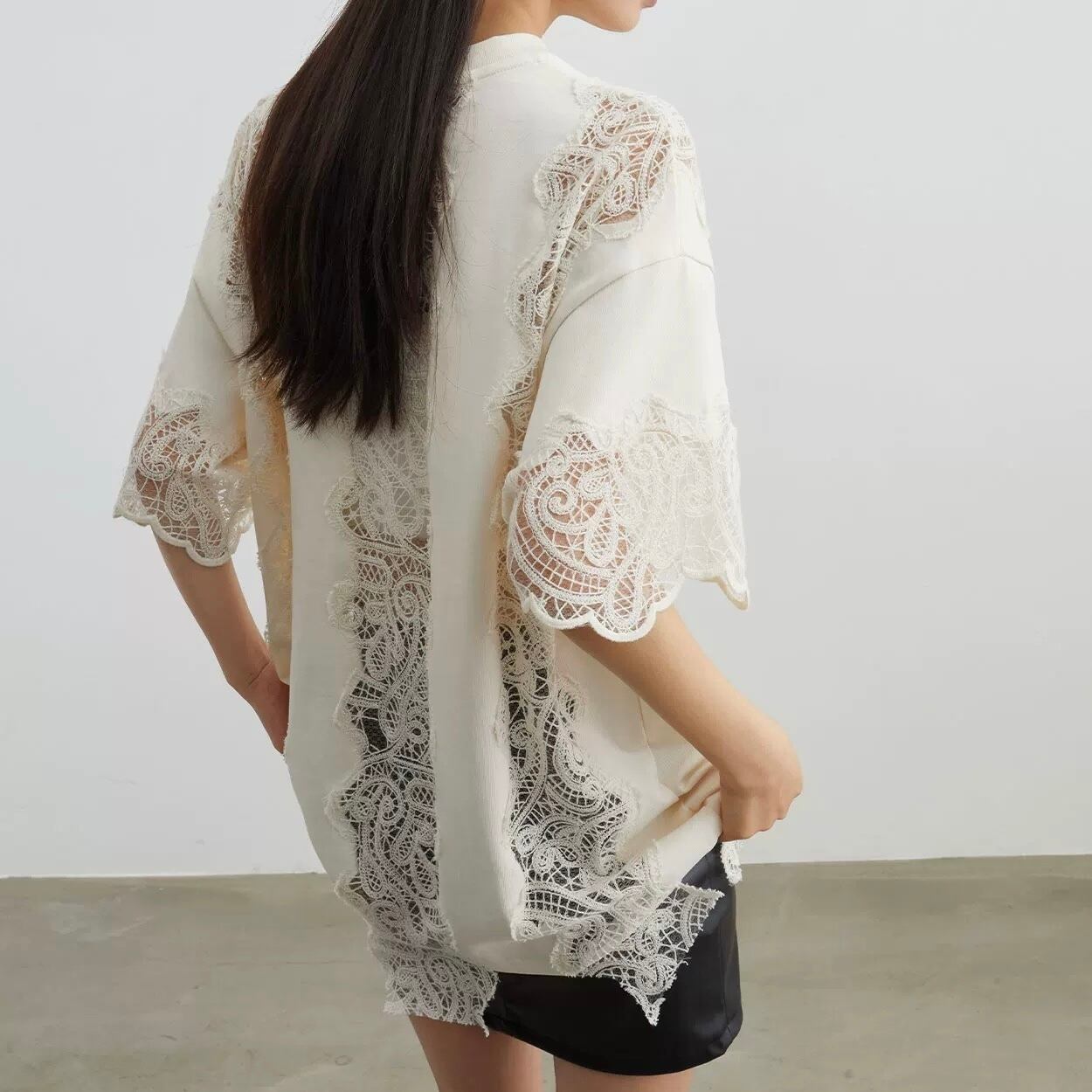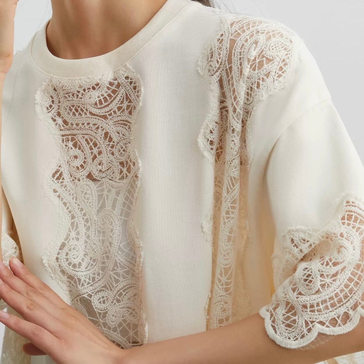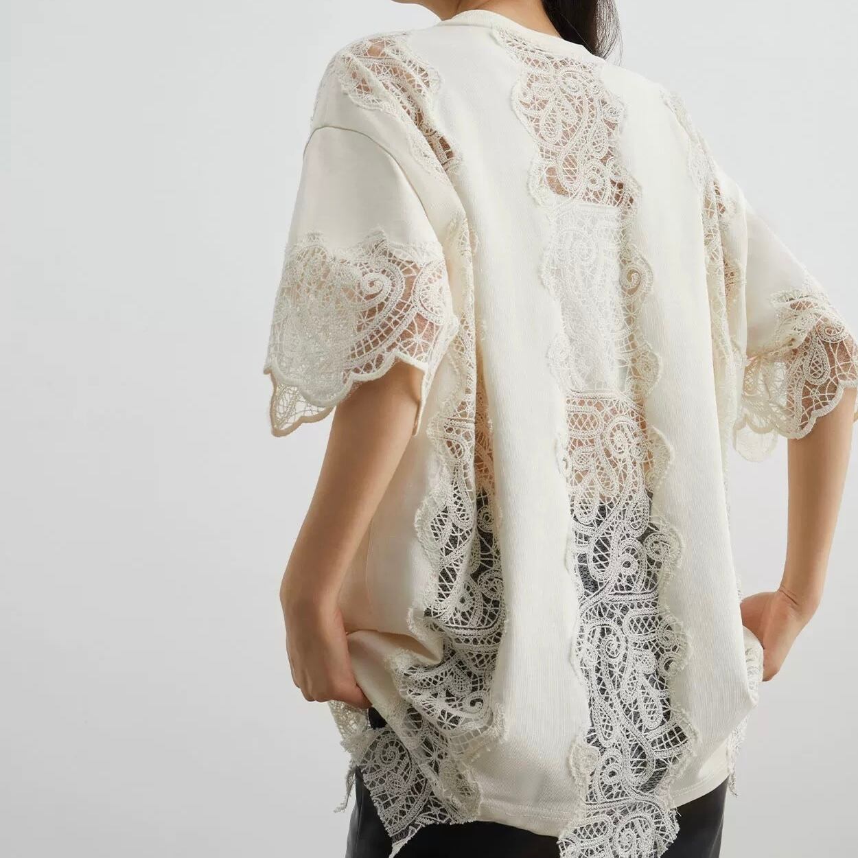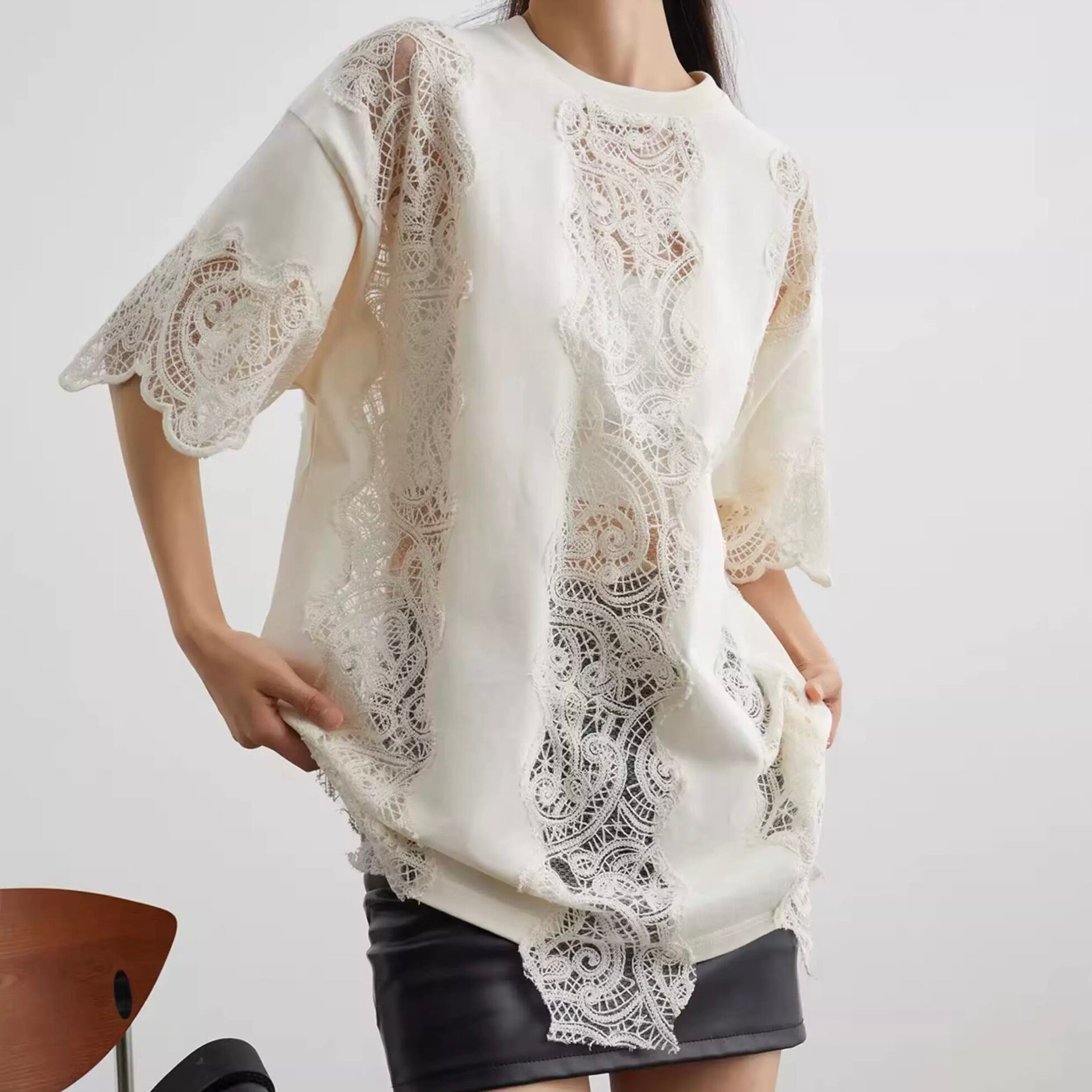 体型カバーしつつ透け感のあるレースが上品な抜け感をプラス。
● ● ● ●
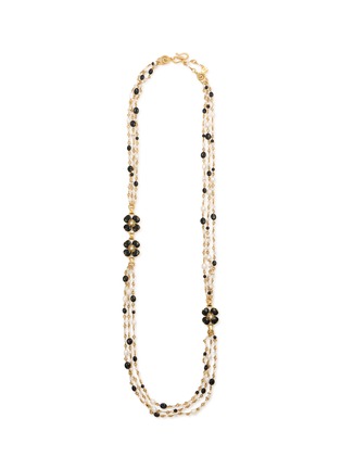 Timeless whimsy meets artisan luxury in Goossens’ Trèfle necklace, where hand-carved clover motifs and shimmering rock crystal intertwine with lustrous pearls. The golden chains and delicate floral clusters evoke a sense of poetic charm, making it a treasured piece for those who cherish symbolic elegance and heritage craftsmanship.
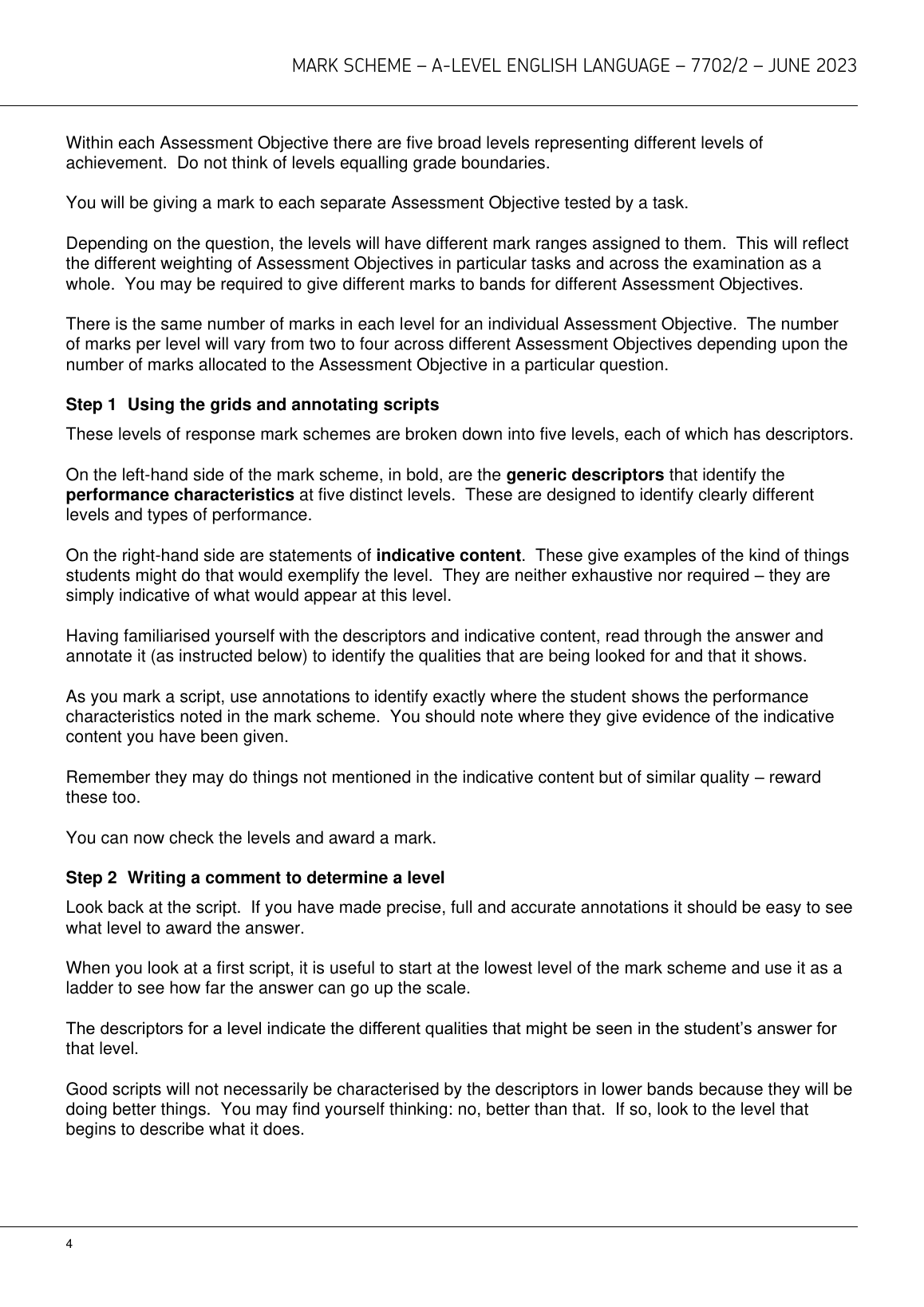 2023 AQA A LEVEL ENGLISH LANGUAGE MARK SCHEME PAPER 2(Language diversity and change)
● ● ● ●
WHAT TO WORK ON —
The stretch to restate runs from the line above containing "Timeless whimsy meets" through the line containing "2023 AQA A LEVEL". Copy it word for word, ends included, without pictures.

SOLUTION FOR THIS EXERCISE —
 Timeless whimsy meets artisan luxury in Goossens’ Trèfle necklace, where hand-carved clover motifs and shimmering rock crystal intertwine with lustrous pearls. The golden chains and delicate floral clusters evoke a sense of poetic charm, making it a treasured piece for those who cherish symbolic elegance and heritage craftsmanship.
 2023 AQA A LEVEL ENGLISH LANGUAGE MARK SCHEME PAPER 2(Language diversity and change)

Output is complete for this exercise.